Miró con cuidado el rostro de su señora, iluminado solo por la luz tenue que se filtraba por las grietas del árbol hueco. La respiración de Antheia era entrecortada, y su cuerpo temblaba de dolor.
—Mi señora, necesito verificar... -
—susurró Liria, intentando mantener la calma.
Antheia asintió débilmente, y Liria se deslizó hacia abajo, levantando suavemente la túnica. La sangre y el líquido de parto habían empapado la ropa, y Liria supo que la situación era grave.
Con cuidado, examinó el canal de parto. Su corazón se hundió al ver que el bebé ya estaba en posición, a punto de coronar. Antheia respiraba con dificultad, el sudor perlaba su frente, jadeaba de dolor, estaba perdiendo sangre rápidamente. No había tiempo para un parto normal. Necesitaban ayuda, y rápido.
Pero no podía decirle, eso la alteraría más y sería peor.

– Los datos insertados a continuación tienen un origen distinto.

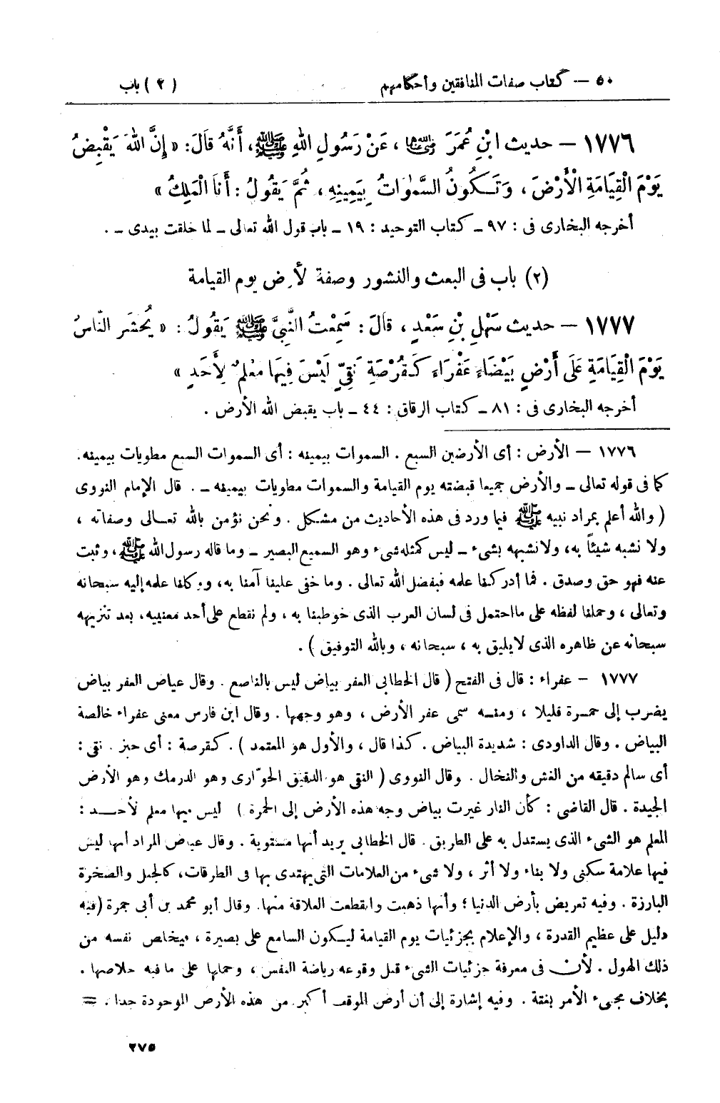 1776 - حديث ابْنِ عُمَرَ رضي الله عنهما، عَنْ رَسُولِ اللهِ صَلَّى اللَّهُ عَلَيْهِ وَسَلَّمَ، أَنَّهُ قَالَ: إِنَّ اللهَ يَقْبِضُ يَوْمَ الْقِيَامَةِ الأَرْضَ، وَتَكُونُ السَّموَاتُ بِيَمِينِهِ، ثُمَّ يَقُولُ: أَنَا الْمَلِكُ
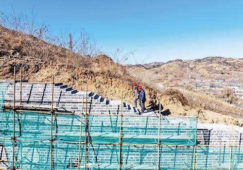 11月21日,碧空如洗,高玉华和工友们站在货运索说念支架旁,眼神紧盯着位于山下村里的建筑材料站,待专用土方装车实现,便操作着索说念滑轮将土方运奉上山。固然还是入冬,但气温稳当,他们正在备料为来岁春天的保护修缮现实状念准备。
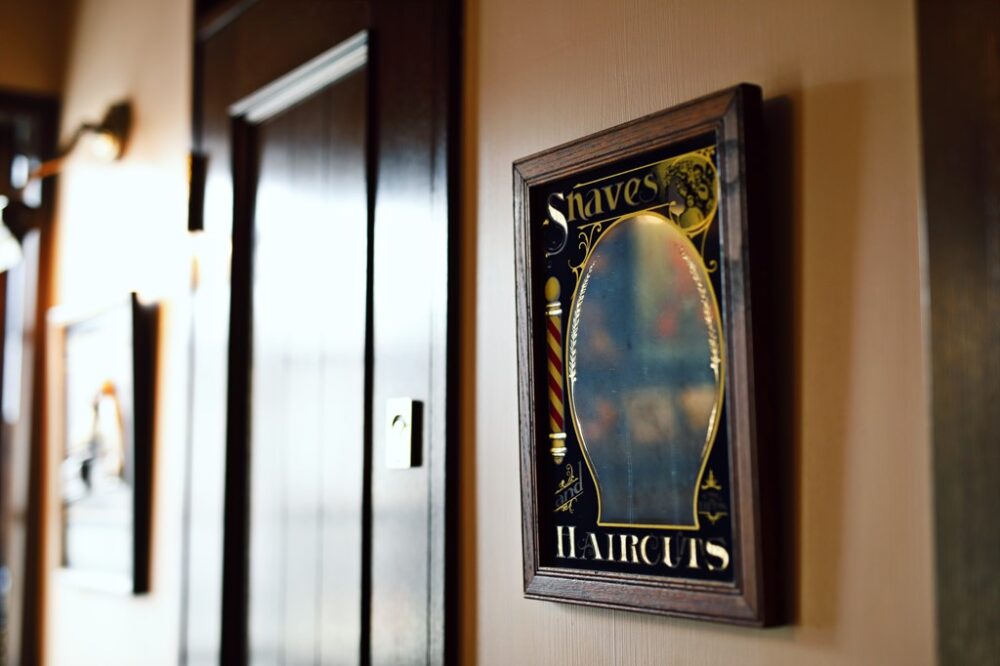 バーバーチェアの正面にある鏡が、この店作りのきっかけとなったマントルミラー。1920年代頃に英国で作られたもので、暖炉の上に設置されていた。この年代らしいデコラティブな装飾だ。
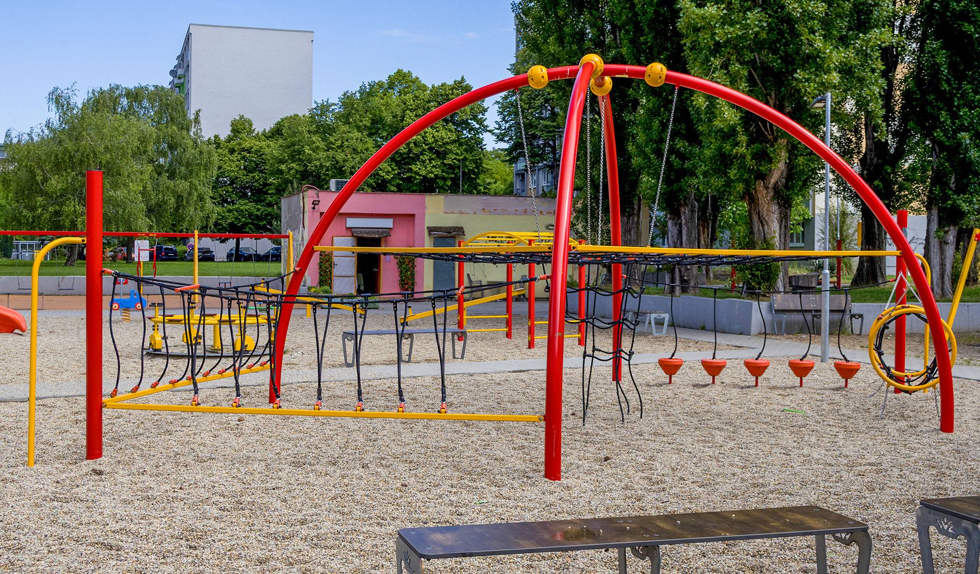 Einer der größten Spielplätze in Bratislava, Ružiny, hat sich komplett verändert. Er wurde renoviert und bietet nun Bereiche für die Jüngsten, ältere Kinder und auch einen Bereich für Erwachsene.
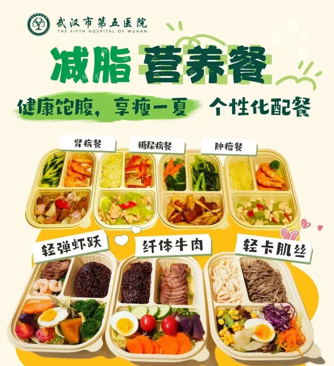 据了解,此次推出的“减脂营养餐”由医院营养科医师专业把关,严格控卡,营养均衡,既有“轻弹虾跃餐”“纤体牛肉餐”“轻卡肌丝餐”等多款减脂餐,也有针对糖尿病、肾病、肿瘤等专科疾病患者的定制化餐食。
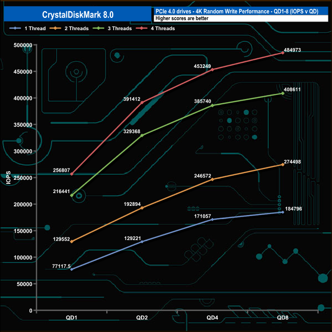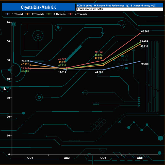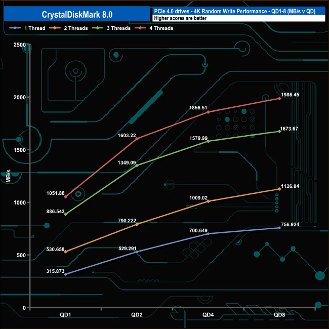 We used CrystalDiskMark 8 to test the random performance of the drive at lower queue depths (QD1 – QD8 where most of the everyday workloads occur) using 1 to 4 threads.
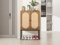 Natural Rattan, Allen 2 Door High Cabinet, Rattan, Built In Adjustable Shelf, Easy Assembly, Free Standing Cabinet For Living Room Bedroom Walnut Mdf
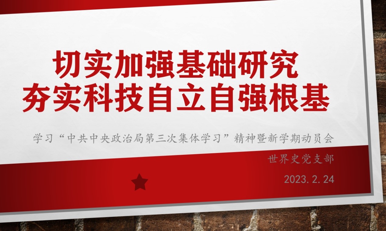 2月24日,2022-2023学年春季学期伊始,世界史党支部召开了组织生活会,历史学院党委书记耿向东老师到会。支部书记贾珺首先介绍了中央政治局关于基础学科建设的第三次集体学习内容,传达了习总书记在主持学习时的讲话精神,尤其是“支持重点学科、新兴学科、冷门学科和薄弱学科发展,推动学科交叉融合和跨学科研究”“长期稳定支持一批基础研究创新基地、优势团队和重点方向”“发挥高校特别是‘双一流’高校基础研究人才培养主力军作用”等表述,让参会老师们在备受鼓舞的同时,又感到重任在肩。
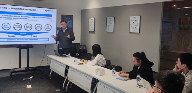 在企业导师讲座阶段,星环科技教育事业部总监杨洪山带领员工参观星环科技,并介绍企业数字化转型技术及行业应用情况。星环科技致力于打造企业级大数据基础软件,围绕数据的集成、存储、治理、建模、分析、挖掘和流通等数据全生命周期提供基础软件与服务,构建明日数据世界。通过介绍,同学们了解到数字化转型是以价值创造为目的,以数据资源、数字技术和数字生态为核心要素,重构管理模式、业务模式、商业模式、治理形态、文化理念的系统性变革过程;企业数字化转型的重点是挖掘数据价值,打造数字生态,为传统产业赋能,拓展新兴产业。
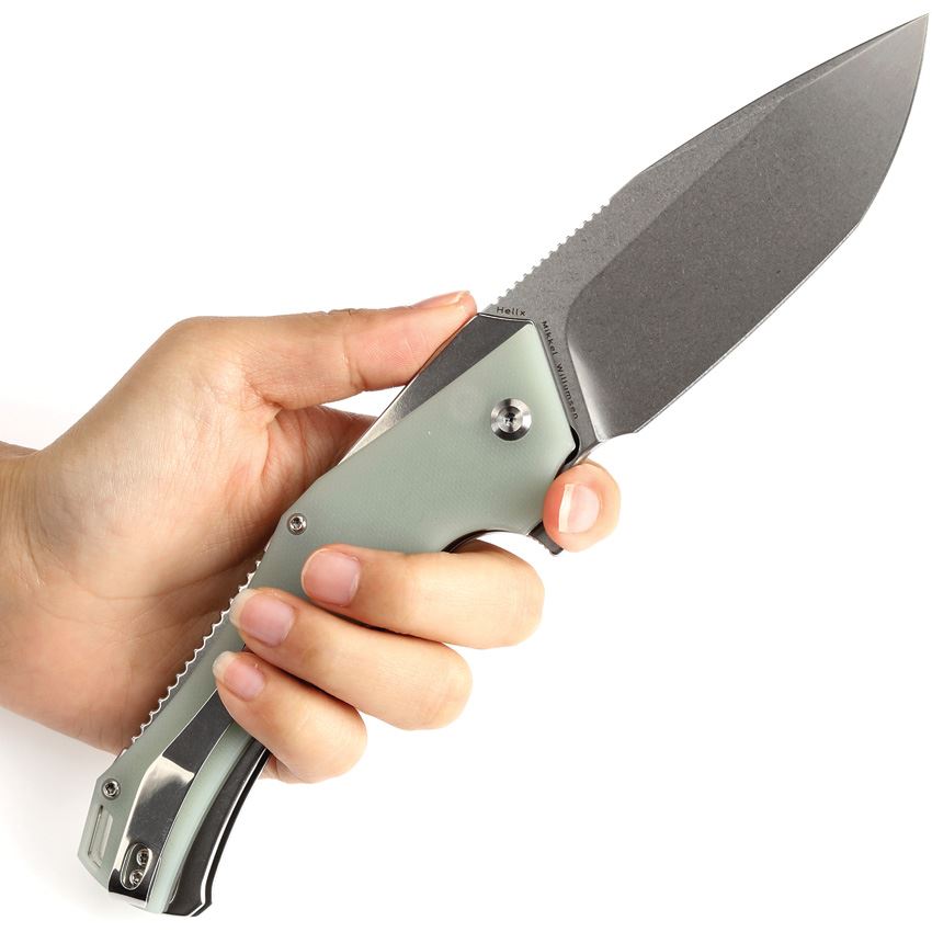 Model/Item/Part Number - KT1008F5. Kansept Hellx Stonewash D2 Framelock Knife Jade Handles. 5.25" (13.34cm) closed. 3.75" (9.53cm) stonewash finish D2 tool steel blade. Jade G10 handle. Extended tang. Lanyard hole. Pocket clip. Black nylon pouch. Boxed.Made in China.

Lo que necesitaban era tiempo. Tiempo para que el señor Apolo se diera cuenta de lo que le habían hecho a su templo y viniera en su busca.
Antheia sollozaba, asustada y con el rostro contorsionado por el dolor Liria tragó saliva.
Sonrió.
–Todo estará bien, señora —mintió. Miró hacia afuera y contuvo un sollozo—. Todo estará bien. Solo...manténganse en silencio y no salga por nada. No importa lo que escuche.
La joven la miró sin comprender.
—¿Qué...? —Liria se puso de pie, intentando salir. Antheia entonces comprendió.
Se aferró a la mano su mano, su rostro desencajado por el terror. Los sollozos brotaron de su garganta, y su cuerpo tembló sin control. La idea de que Liria se fuera, que la dejara sola y se expusiera al peligro de afuera la aterraba.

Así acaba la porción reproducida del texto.